Exercise prompt
Word for word and without images, reproduce the listing that follows.

Collected material
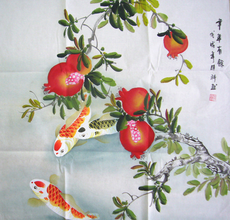 • 产品简介: 斗方石榴鱼图,被誉为“最吉利的风水画”, 画家诸葛明科四尺斗方工笔鱼佳作。
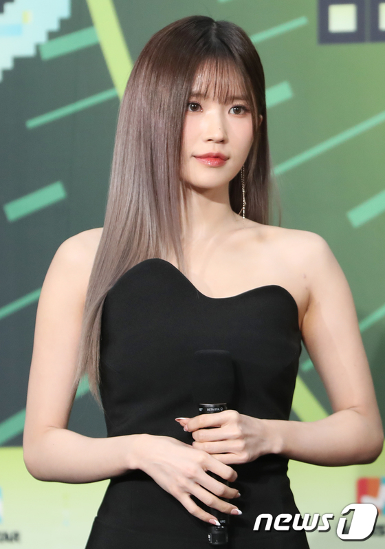 프로미스나인 송하영이 16일 오후 서울 송파구 잠실실내체육관에서 열린 '2022 KBS 가요대축제'에서 포즈를 취하고 있다. 2022.12.17/뉴스1...
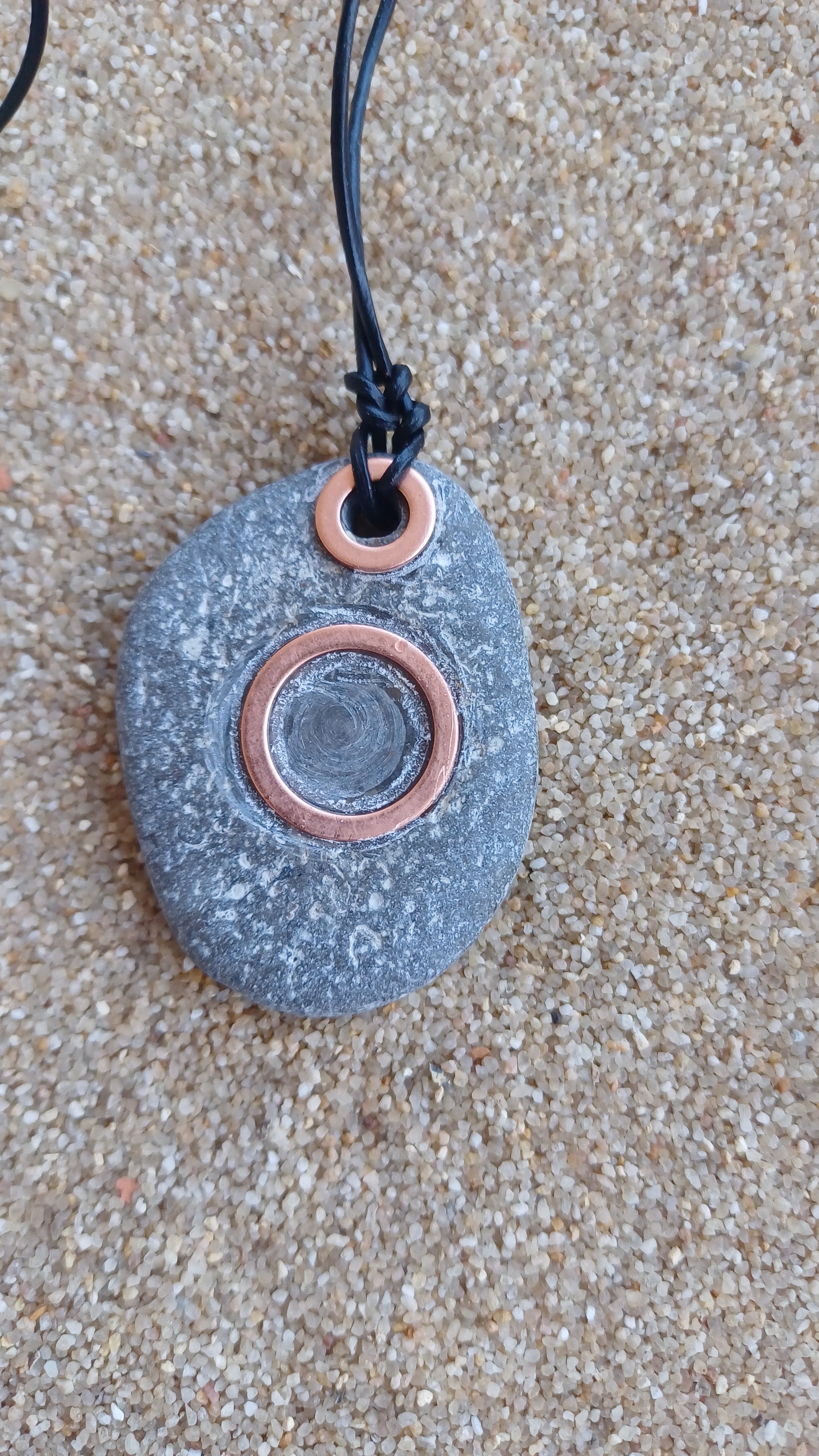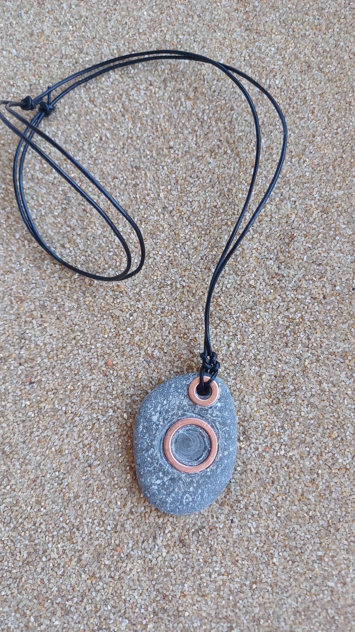 -48mm x 32mm beach stone with copper hoops on 66cm adjustable leather rope.

Exercise output
 • 产品简介: 斗方石榴鱼图,被誉为“最吉利的风水画”, 画家诸葛明科四尺斗方工笔鱼佳作。
 프로미스나인 송하영이 16일 오후 서울 송파구 잠실실내체육관에서 열린 '2022 KBS 가요대축제'에서 포즈를 취하고 있다. 2022.12.17/뉴스1...
 -48mm x 32mm beach stone with copper hoops on 66cm adjustable leather rope.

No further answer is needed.